WHAT THE TASK REQUIRES: Print the lines below word for word, beginning with the first and ending with the line that holds "それでは我が家のコルセア軍団", and skip every picture.

BEGIN EXERCISE DATA

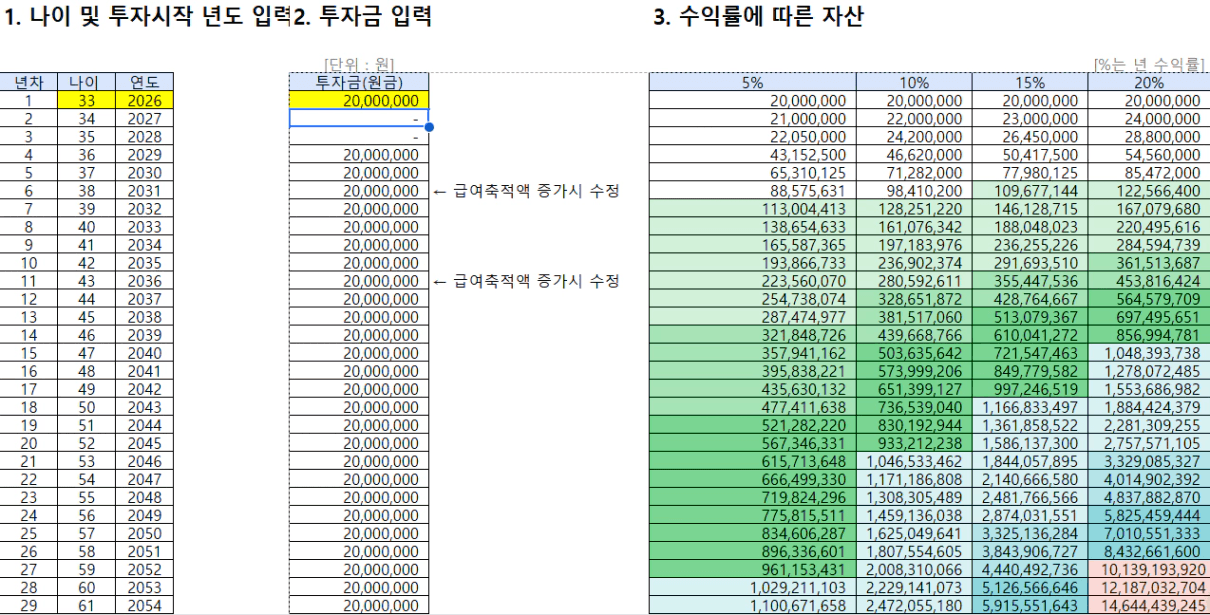 - 수익률 20%: 50세 (2041년)
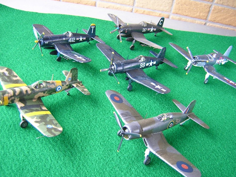 それでは我が家のコルセア軍団(ハセガワ、フジミ、レベル、ボビーボス等)と記念撮影しておきます。まだまだ在庫にイタレリ、タミヤとありますのでぼちぼちがんばります。それではまた。
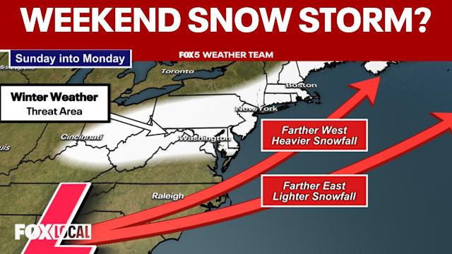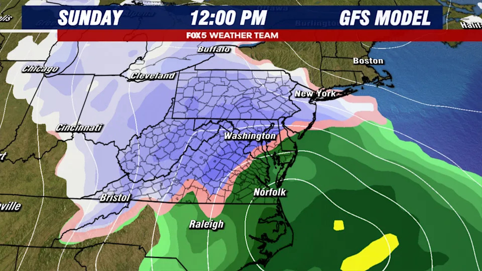 The Brief Weather models continue to debate the strength and position of a weekend storm system. The most likely scenario involves rain on Sunday morning changing to mix and then wet snow by Sunday night. The threat for accumulation has come up over the last 24 hours, with most models suggesting anywhere from 1-5" of snowfall in the D.C. region. Some extreme solutions suggest 6" or more could be possible. The threat WASHINGTON - Compared to the previous several weeks in the D.C. region, this past week has not been so bad. Sure, it has been rather cloudy and chilly, but temperatures have been consistently above freezing, allowing the region to slowly but steadily free itself from the so-called "snowcrete" that has blanketed the D.C. area for the better part of a month now. Temperatures are expected to remain above freezing into the upcoming weekend, with the best day of the entire week potentially being Saturday, with partial sunshine and middle 50s expected in the afternoon. By Saturday night, the pattern does start to shift though, as a strong dip in the jetstream sends temperatures falling back into the 30s overnight Saturday into Sunday. At the same time, a storm system is forecast to develop ahead of this cold push, which could bring a wide range of precipitation to the D.C. region, including the threat for accumulating snowfall. The big snow debate The big question of course, is how much snow? It’s a question that remains relatively difficult to answer even with just a couple days to go ahead of the potential storm system. The key to any potential storm system is its track, and its intensity. These are two features that weather models have continued to struggle with. Our general thoughts in the weather department this evening lead a little closer to the European model. With temperatures well above freezing at onset, the system would likely start as a predominantly rainfall event through the front part of the day on Sunday. Then, as a surface storm pushes eastward into the Atlantic, colder air fills in as the storm pulls away, along a weather feature known as an inverted surface trough. This would bring the risk for rain to change over to mix and a perhaps a period of potentially heavy, wet snowfall on Sunday night. Now, the tricky part of the forecast with an inverted trough situation is the area that gets accumulating snowfall tends to be in a relatively narrow band that follows the trough axis, so not everyone in the region would be looking as a decent snowfall, it would be localized in this banding. Forecasting exactly where it would setup is very difficult, and we would not have a good idea of where this feature sets up until likely closer to Saturday evening. If this solution, which the European Model has been hinting at for the last couple of days, is the correct solution, then parts of our region could see a 1-3" with an upside risk of 3-6" snowfall potential by the time the storm exits late Sunday night into early Monday morning. On the other hand, you have the American model solution, which for the better part of a day now has suggested the storm could be much more impactful. With a stronger tilt in the jetstream, the weather model suggest that a more intense storm system will develop that stays much closer to the coastline. While it also starts as rainfall on Sunday morning, the intensifying surface low pulls cold air quickly into the storm, dropping temperatures in the DC region and changing rainfall over to a widespread heavy snowfall. The model is aggressive with a heavy, impactful snowfall for everyone, with final snow totals in the double digits. Now, most forecasters agree this evening that this solution is rather extreme and unlikely to be the case with this storm. While we cannot rule it out of the realm of possibility, it is generally on its own, with most other guidance as of Thursday night suggesting lesser snowfall totals are more likely. So, if we do not believe the American model solution, what is the debate this evening? The issue lies in model consistency. Weather models have admittedly been extremely poor with the forecast solutions for the Sunday storm system. Even the European, which does have a history of being more accurate than the American model, has been extremely "jumpy" with this storm system. Sometimes jumping the system east, showing less snowfall, then bringing the storm back west, showing more snowfall. Forecasters look for run-to-run consistency, and so far we really have not seen that from any weather model just yet. The reason why has everything to do with the pattern. It is not just one piece of atmospheric energy helping steer this storm system, but multiple. The more pieces you have involved with a developing storm system, the more prone you are to errors in the forecast. This is why we might not have a truly good hold on what this system could do in the DC region until closer to Friday night or even Saturday, when the energy pieces involved in the formation of this storm system are all well sampled and better analyzed. What to be prepared for This one is going to come down to the wire in terms of figuring out snowfall amounts. What I can guarantee is this will not be a repeat of the late January storm. Temperatures will not be as cold, even after the system — no "snowcrete" this time around. This would also be wet snow, and we would likely lose some to ground melt in areas no longer covered in snow from the January system, as temperatures have been above freezing much of this week. A key thing we want to mention: A lot of people are saying, "but it is too warm to snow on Sunday! The Weather App says it will be in the 40s!" While yes, this is too warm to snow at onset...remember that your weather app is giving you the high temperature for the day. Through a process known as dynamic cooling, temperatures can cool as you bring in cooler air on the back side of a storm system, due to the upper-level trough swinging through. So, temperat
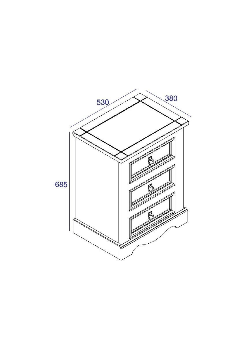 Bedside Table - CORONA 3 Drawer Nightstand Waxed Pine 53cm

END EXERCISE DATA

RESPONSE TO THIS EXERCISE:
 - 수익률 20%: 50세 (2041년)
 それでは我が家のコルセア軍団(ハセガワ、フジミ、レベル、ボビーボス等)と記念撮影しておきます。まだまだ在庫にイタレリ、タミヤとありますのでぼちぼちがんばります。それではまた。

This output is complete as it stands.